* _What you have to do_:
A verbatim repeat of the lines below is required, with the pictures removed.

* _Dataset content_:

▬▬▬

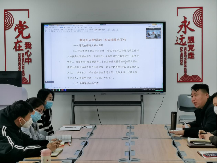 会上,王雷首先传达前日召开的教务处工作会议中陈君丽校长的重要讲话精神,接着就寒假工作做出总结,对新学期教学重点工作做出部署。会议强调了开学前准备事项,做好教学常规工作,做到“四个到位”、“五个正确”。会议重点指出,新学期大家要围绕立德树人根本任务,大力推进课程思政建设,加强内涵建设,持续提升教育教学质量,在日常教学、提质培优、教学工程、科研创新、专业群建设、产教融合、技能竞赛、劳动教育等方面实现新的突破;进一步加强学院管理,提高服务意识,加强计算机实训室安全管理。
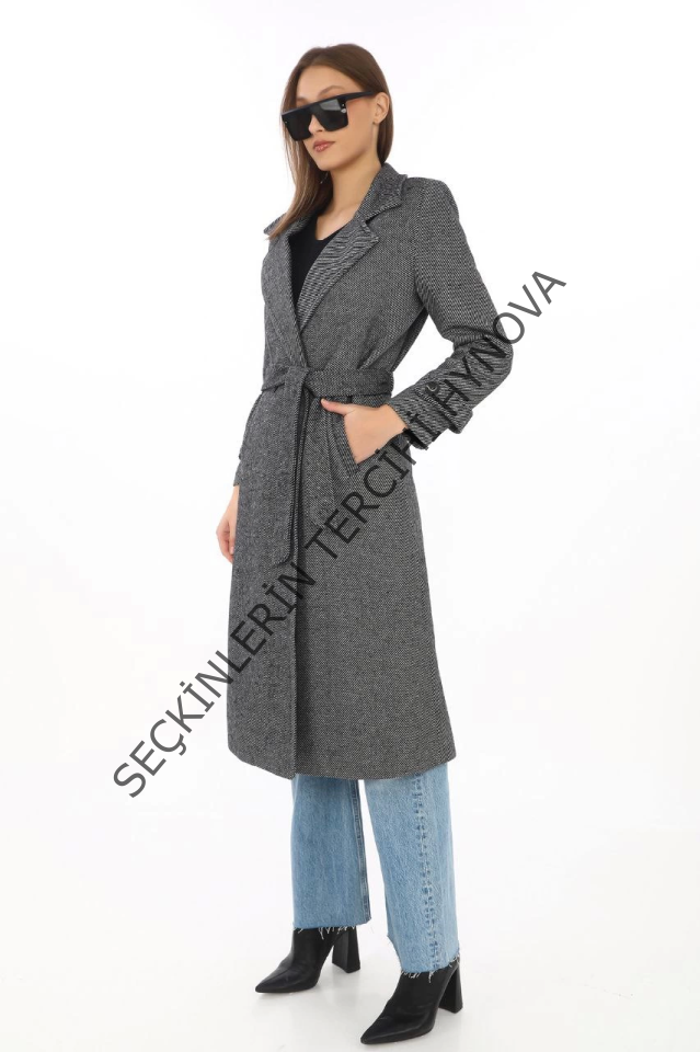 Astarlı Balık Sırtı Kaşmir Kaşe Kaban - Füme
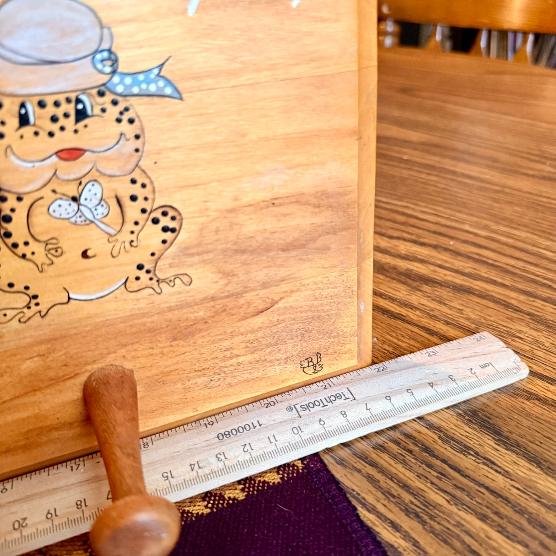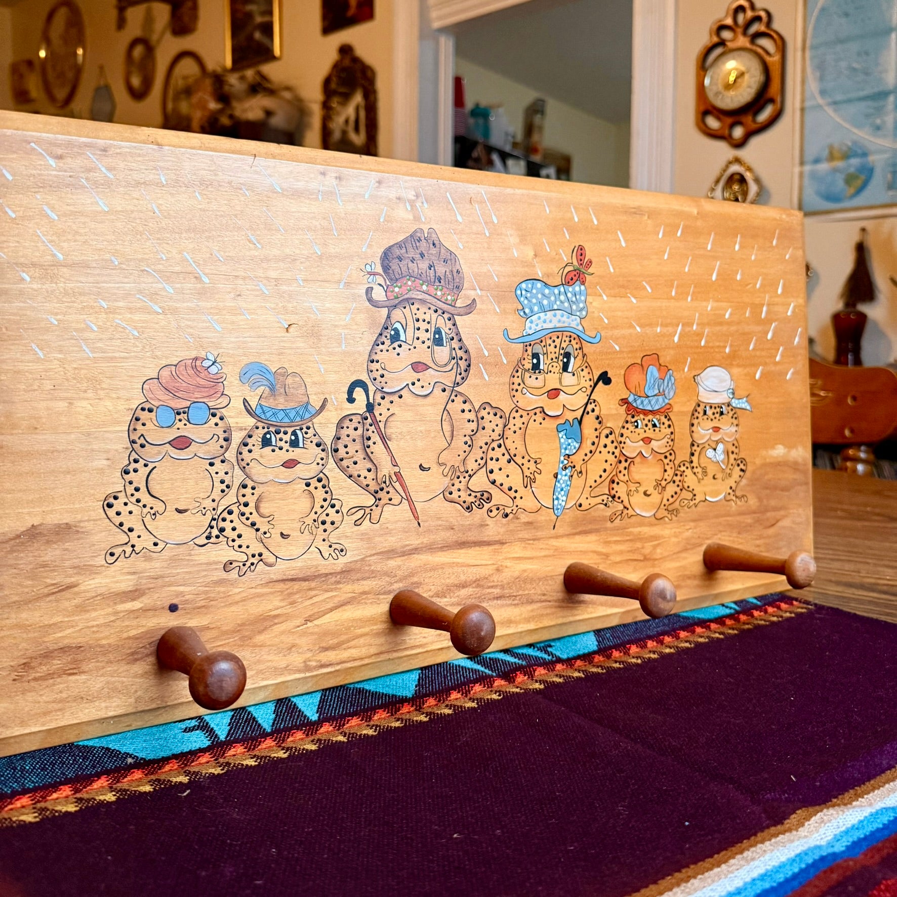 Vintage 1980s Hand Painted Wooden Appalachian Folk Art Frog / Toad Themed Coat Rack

▬▬▬

* _Exercise answer_:
 会上,王雷首先传达前日召开的教务处工作会议中陈君丽校长的重要讲话精神,接着就寒假工作做出总结,对新学期教学重点工作做出部署。会议强调了开学前准备事项,做好教学常规工作,做到“四个到位”、“五个正确”。会议重点指出,新学期大家要围绕立德树人根本任务,大力推进课程思政建设,加强内涵建设,持续提升教育教学质量,在日常教学、提质培优、教学工程、科研创新、专业群建设、产教融合、技能竞赛、劳动教育等方面实现新的突破;进一步加强学院管理,提高服务意识,加强计算机实训室安全管理。
 Astarlı Balık Sırtı Kaşmir Kaşe Kaban - Füme
 Vintage 1980s Hand Painted Wooden Appalachian Folk Art Frog / Toad Themed Coat Rack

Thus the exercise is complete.